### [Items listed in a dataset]
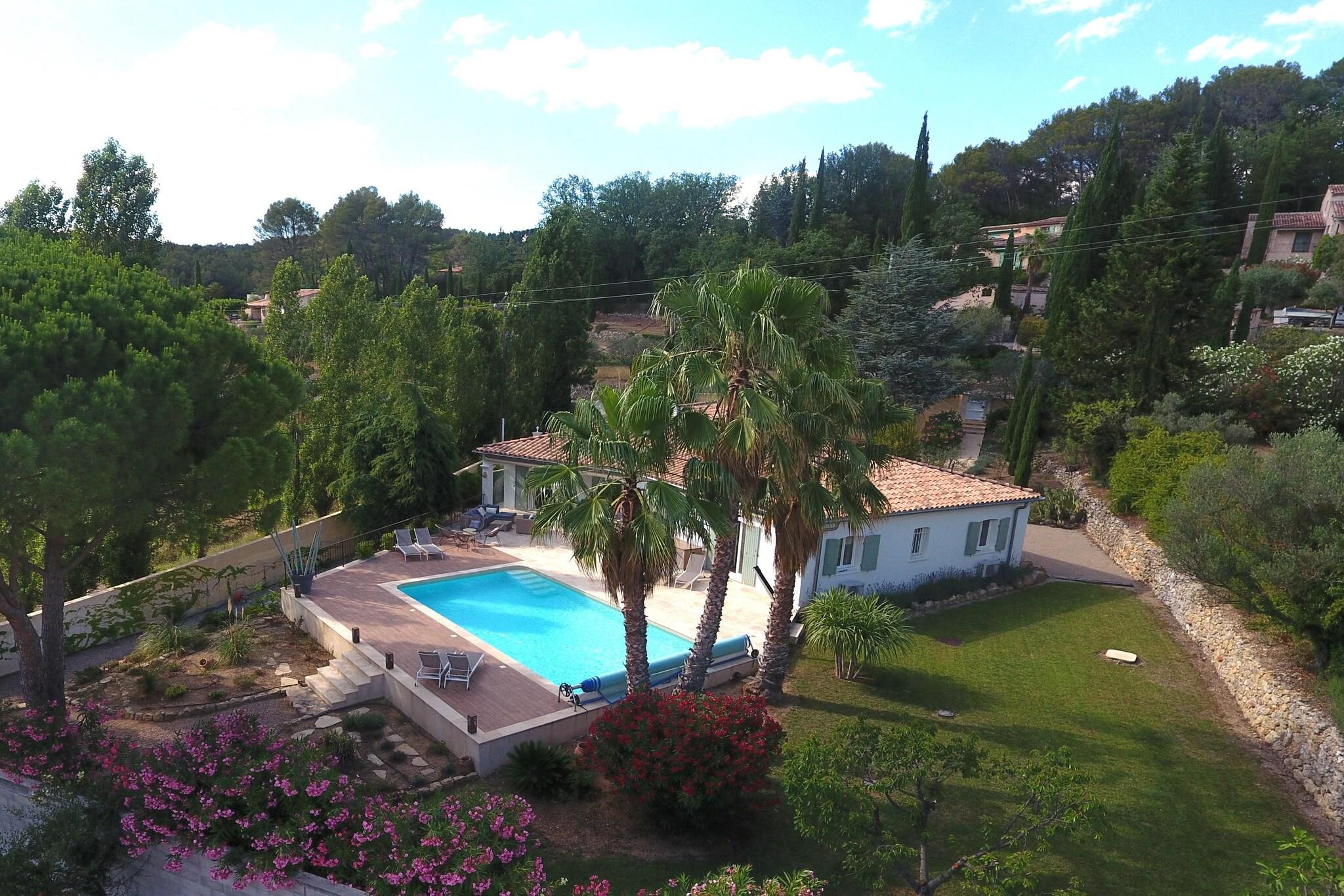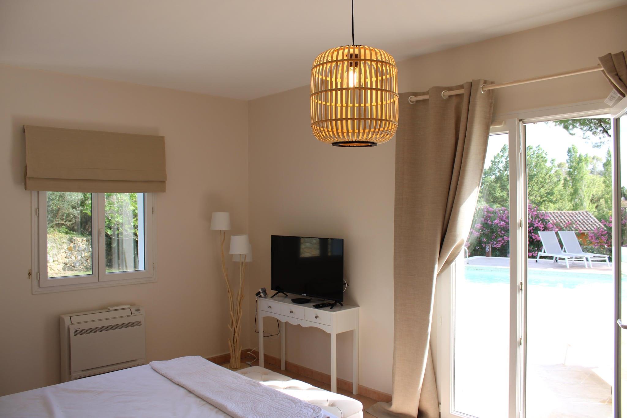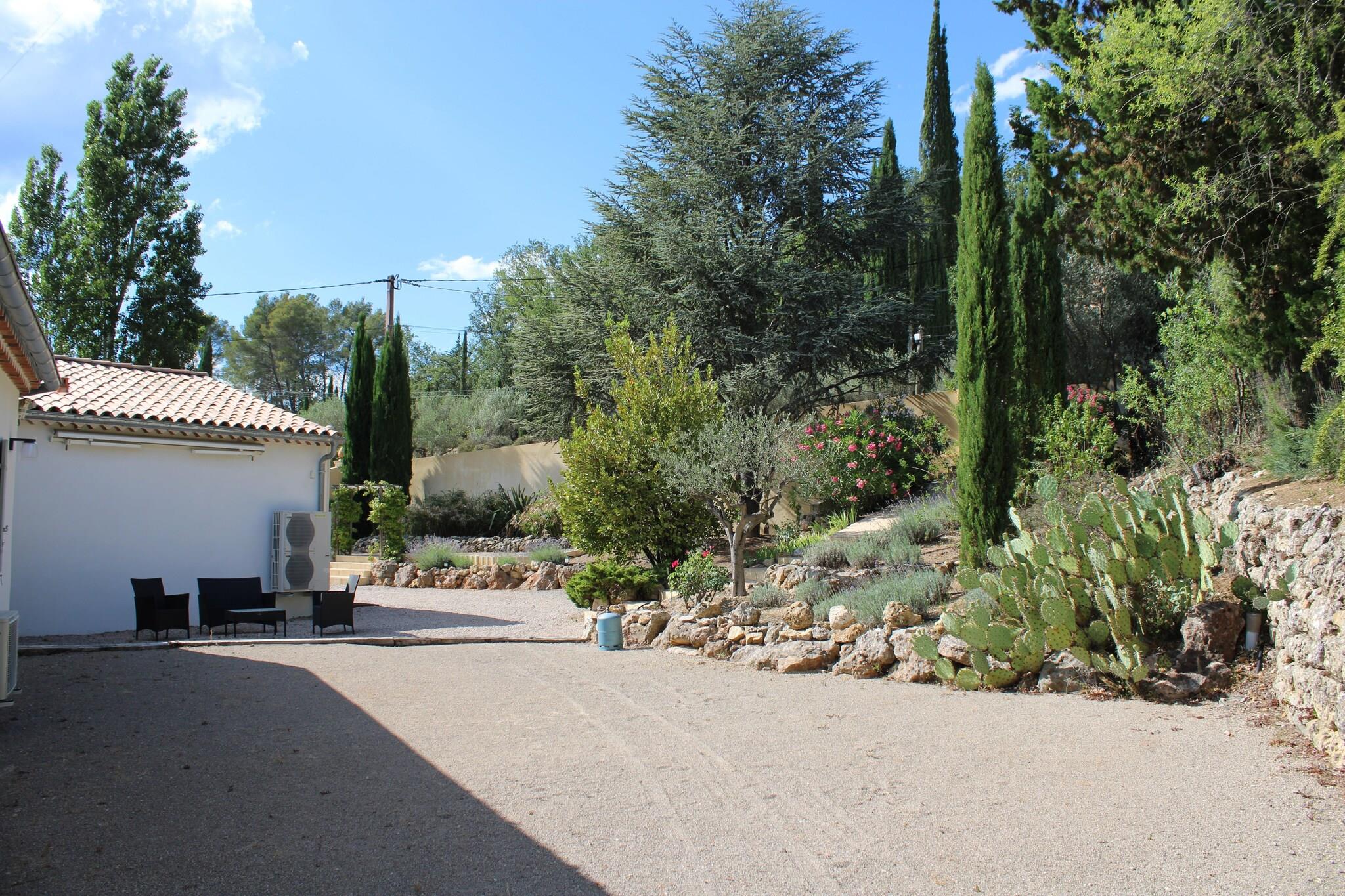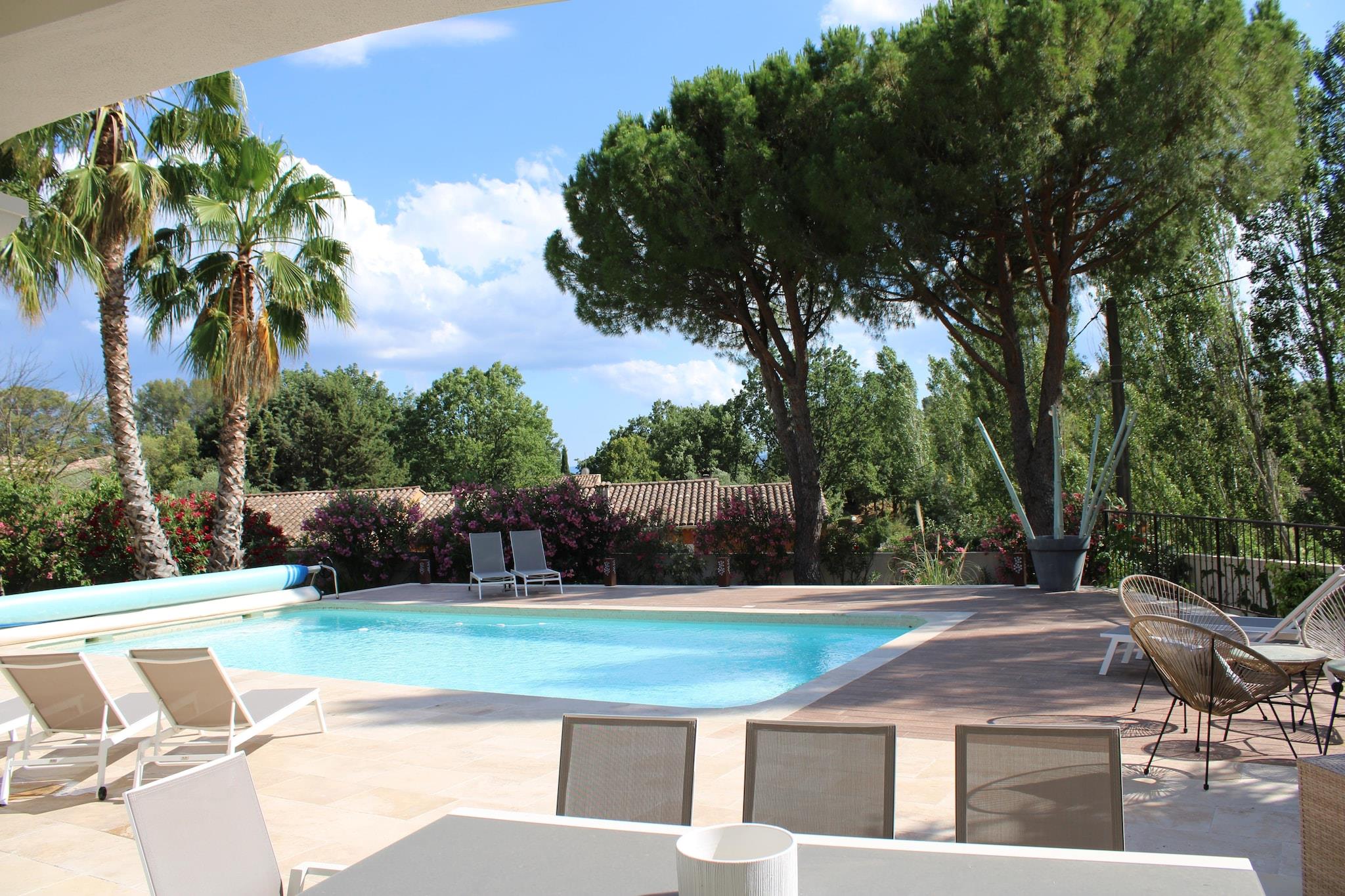 Omgivet af landlige grønne områder og langs en stille vej mellem Lorgues og Saint-Antonin-du-Var, ligger den smukke Villa des Trois Palmiers på en 1700 m² stor ejendom med en jeu de boules-bane og palmer. Vel igennem den elektriske indgangsport er der plads til ca. 4 biler. Lorgues er en charmerende provencalsk landsby i hjertet af Provences berømte vinregion. Det er en ideel destination for rejsende, der leder efter fred og afslapning i maleriske omgivelser. Landsbyen er kendt for sin middelalderlige arkitektur og smalle gader, hvor du kan finde adskillige butikker, restauranter og caféer. Der er også talrige historiske seværdigheder at opdage, såsom den romanske kirke og borgruinerne. Ankomsthallen fører til en stor stue med masser af lysindfald og direkte adgang til terrasseområdet og swimmingpoolen. Det enkle interiør får alt til at se rummeligt ud, og der er en siddegruppe med hvide sæder og et rummeligt spisebord. Dernæst vil du finde et fuldt udstyret køkken til at tilberede et lækkert måltid. Det store soveværelse er beliggende mod syd med en smuk udsigt over poolen og et af soveværelserne er ideelt for børnene. Huset er udstyret med aircondition og gulvkøling. Begge systemer kan laves om til varmeanlæg på koldere dage. Den overdækkede terrasse med et dejligt udendørsbord giver den nødvendige skygge, du kan arrangere hyggelige grillfester og nyde solrige dage i eller omkring poolen på de komfortable liggestole. Tænd for swimmingpoolvarmen sker altid efter anmodning og mod betaling og er kun muligt uden for sommermånederne. I månederne juli og august har vandet i sig selv en vidunderlig temperatur.
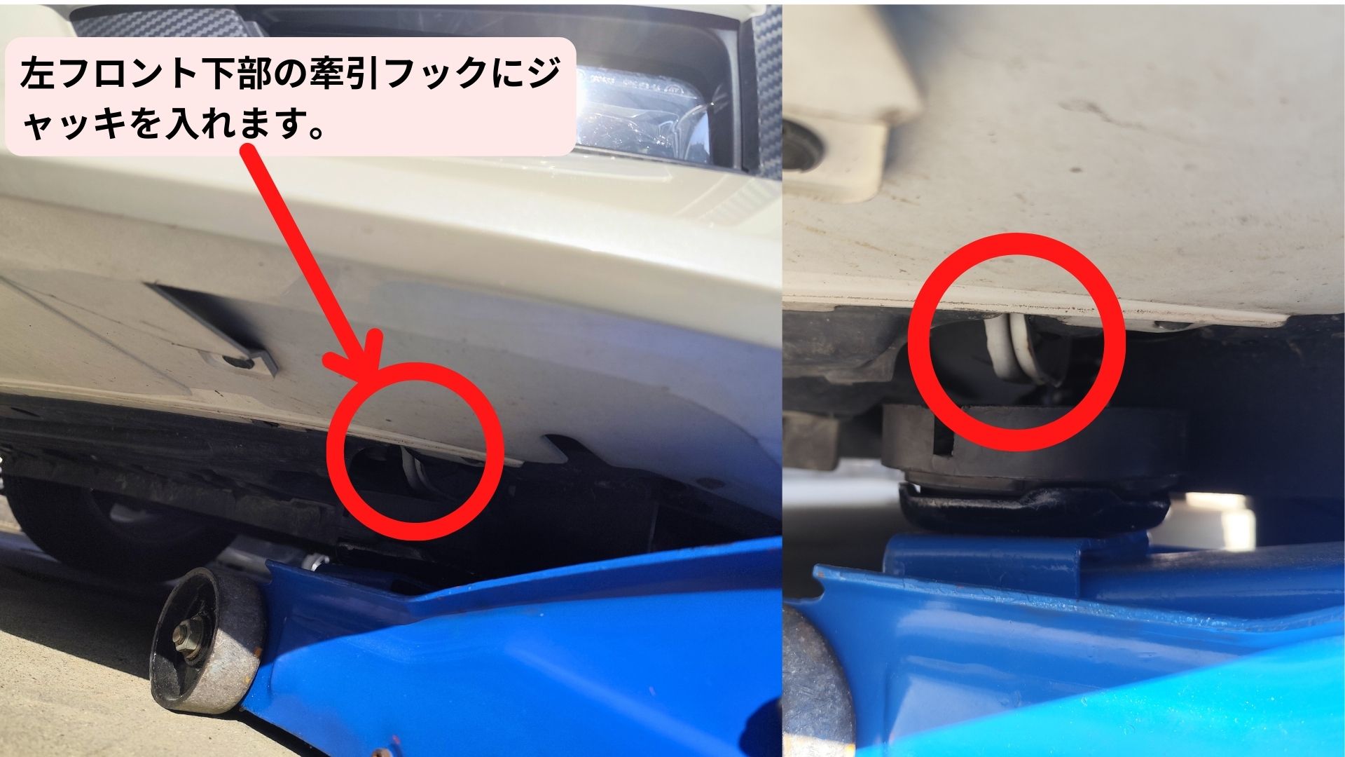下写真の赤丸部の牽引フックにジャッキをかけてジャッキアップします。
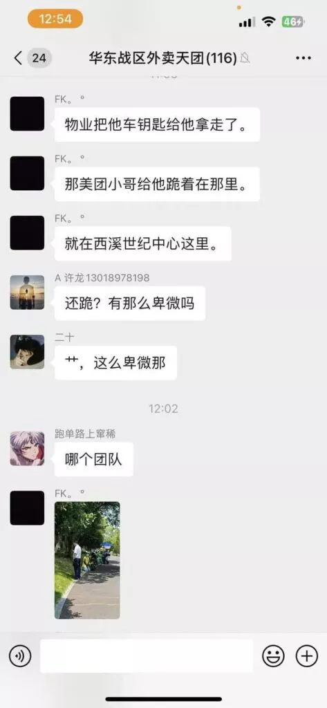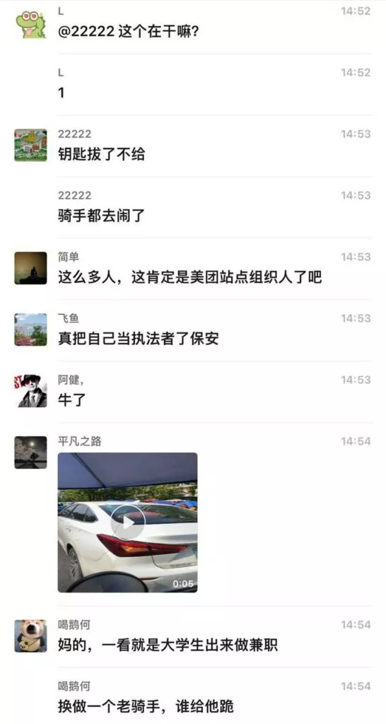 得知消息的外卖骑手们丢掉手里的工作,火速前往现场,支援被欺负的女骑手。
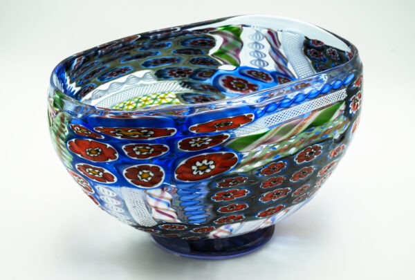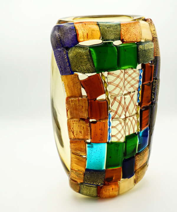 Flower vase made with white filigree canes and zanfirico canes of different colors.
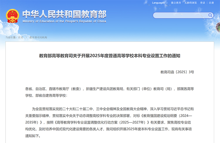 教育部高等教育司關于開展2025年度普通高等學校本科專業設置工作的通知

### [WORK TO COMPLETE]
Full copy, no pictures: write out each line of the data exactly as it stands.

### [RESPONSE BELOW]
 Omgivet af landlige grønne områder og langs en stille vej mellem Lorgues og Saint-Antonin-du-Var, ligger den smukke Villa des Trois Palmiers på en 1700 m² stor ejendom med en jeu de boules-bane og palmer. Vel igennem den elektriske indgangsport er der plads til ca. 4 biler. Lorgues er en charmerende provencalsk landsby i hjertet af Provences berømte vinregion. Det er en ideel destination for rejsende, der leder efter fred og afslapning i maleriske omgivelser. Landsbyen er kendt for sin middelalderlige arkitektur og smalle gader, hvor du kan finde adskillige butikker, restauranter og caféer. Der er også talrige historiske seværdigheder at opdage, såsom den romanske kirke og borgruinerne. Ankomsthallen fører til en stor stue med masser af lysindfald og direkte adgang til terrasseområdet og swimmingpoolen. Det enkle interiør får alt til at se rummeligt ud, og der er en siddegruppe med hvide sæder og et rummeligt spisebord. Dernæst vil du finde et fuldt udstyret køkken til at tilberede et lækkert måltid. Det store soveværelse er beliggende mod syd med en smuk udsigt over poolen og et af soveværelserne er ideelt for børnene. Huset er udstyret med aircondition og gulvkøling. Begge systemer kan laves om til varmeanlæg på koldere dage. Den overdækkede terrasse med et dejligt udendørsbord giver den nødvendige skygge, du kan arrangere hyggelige grillfester og nyde solrige dage i eller omkring poolen på de komfortable liggestole. Tænd for swimmingpoolvarmen sker altid efter anmodning og mod betaling og er kun muligt uden for sommermånederne. I månederne juli og august har vandet i sig selv en vidunderlig temperatur.
下写真の赤丸部の牽引フックにジャッキをかけてジャッキアップします。
 得知消息的外卖骑手们丢掉手里的工作,火速前往现场,支援被欺负的女骑手。
 Flower vase made with white filigree canes and zanfirico canes of different colors.
 教育部高等教育司關于開展2025年度普通高等學校本科專業設置工作的通知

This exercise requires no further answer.